Cilindrisch epitheel
Deze cellen hebben langgerekte kernen. Ze staan loodrecht op de basale membraan. In sommige functies bevatten de cilindrische epitheelcellen ook trilharen, dit noemen we dan trilhaarepitheel. In dit soort epitheel bevinden zich slijmbekercellen. Deze cellen produceren slijm en brengen het naar buiten de cel. De trilharen bevinden zich ook buiten op de wand van de cel. De trilharen en het slijm zorgen er samen voor dat bacteriën en vuil buiten gehouden worden/ niet verder kunnen. Trilhaarepitheel bevindt zich onder andere in de neusholte, de luchtwegen, de eileiders en het middenoor.
Klierepitheel
Klierepithelen zijn gespecialiseerd in secretie.
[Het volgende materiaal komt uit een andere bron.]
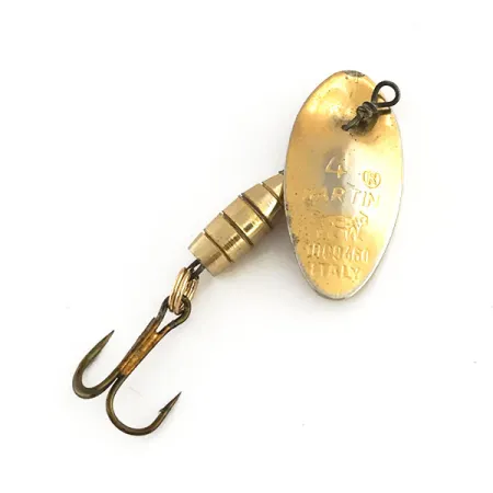 Chiaramente impresso sulla paletta convessa dorata si trovano la designazione della taglia '4' e il marchio di origine italiana, che identifica questa produzione come un classico europeo. Con una misura di 4 cm (1 1/2") e un peso di 4 g (1/8 oz), questo Panther Martin 4 (codice prodotto 9120) è costruito attorno al design in-line distintivo del marchio, dove la paletta è montata direttamente sull'asse metallico senza cavallotto. Il corpo in ottone è segmentato in una forma a goccia appesantita, che garantisce stabilità durante il lancio e il recupero. La componentistica è rifinita con un amo tripletta bronzato fissato da un piccolo anello spaccato alla base dell'asse. Questo esemplare è in condizioni 5/5, presentandosi eccezionalmente pulito con una finitura dorata brillante e uniforme su tutti i componenti metallici. I collezionisti cercano spesso queste versioni 'Made in Italy' per la lavorazione precisa del corpo zavorrato e l'eredità storica della prima produzione del marchio. L'asse passante rimane dritto e correttamente teso.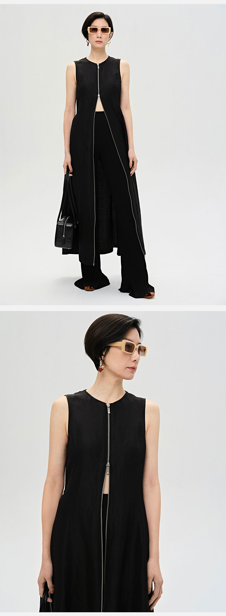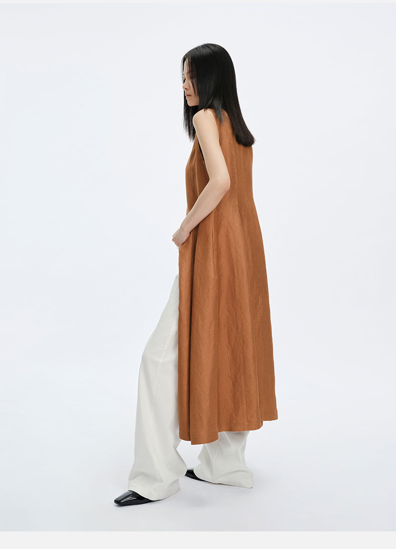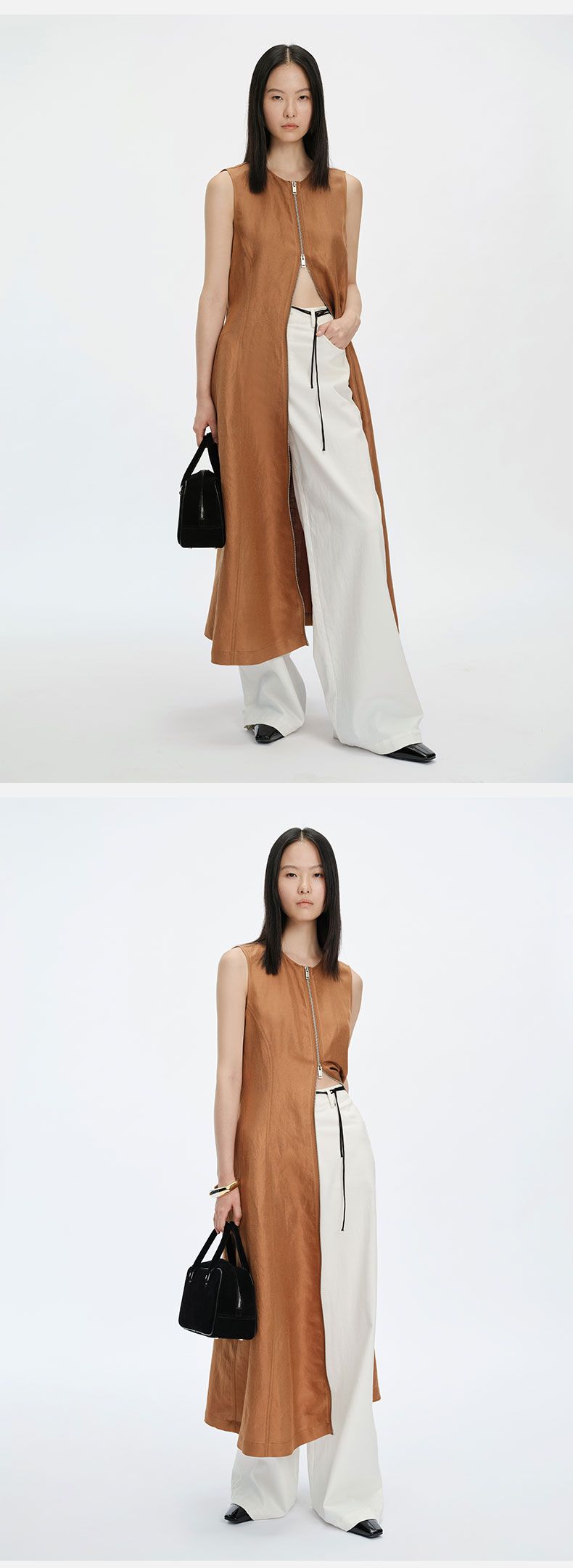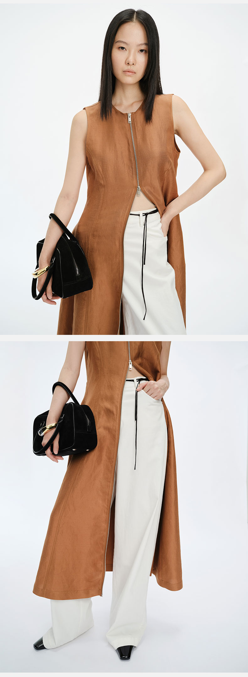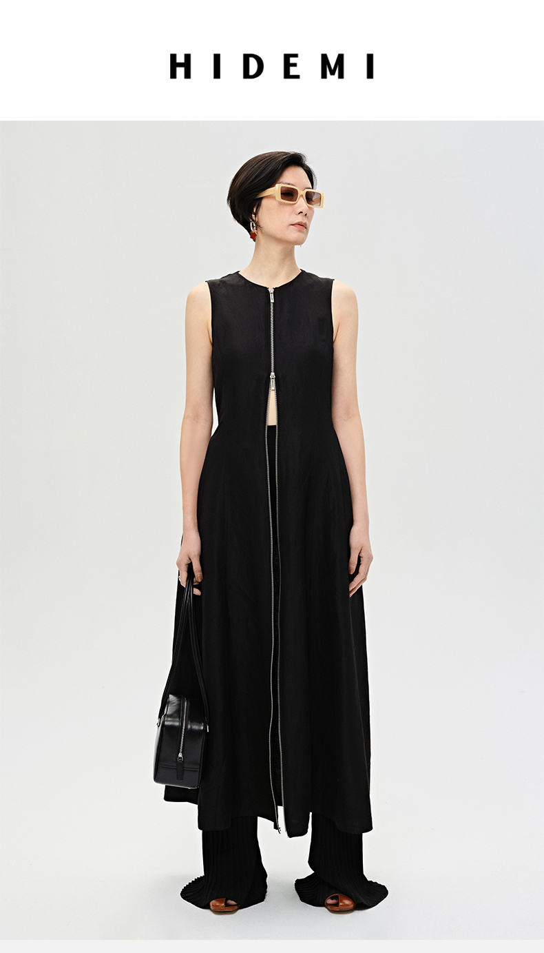 HIDEMI 简约设计感圆领拉链式收腰显瘦亚麻连衣裙 黑色/咖啡色

Hierbij zullen kliercellen secretie producten, zoals zweet en talg, aanmaken en afgeven. Ook hormonen en verteringsenzymes worden aangemaakt door de kliercellen. Kliercellen kunnen voorkomen als eencellige klieren of als meercellige klieren. De schildklier en de speekselklier zijn voorbeelden van meercellige klieren.
Je kunt ook een opdeling maken in exocriene en endocriene klieren. Bij exocriene klieren zullen de secretie producten de buitenwereld nog steeds kunnen bereiken via afvoergangetjes. Bij endocriene klieren gaat de oorspronkelijke verbinding verloren en zullen de secretie producten via diffusie terecht komen in extracellulair vocht. Hierna worden de stoffen weggevoerd via de bloedbaan.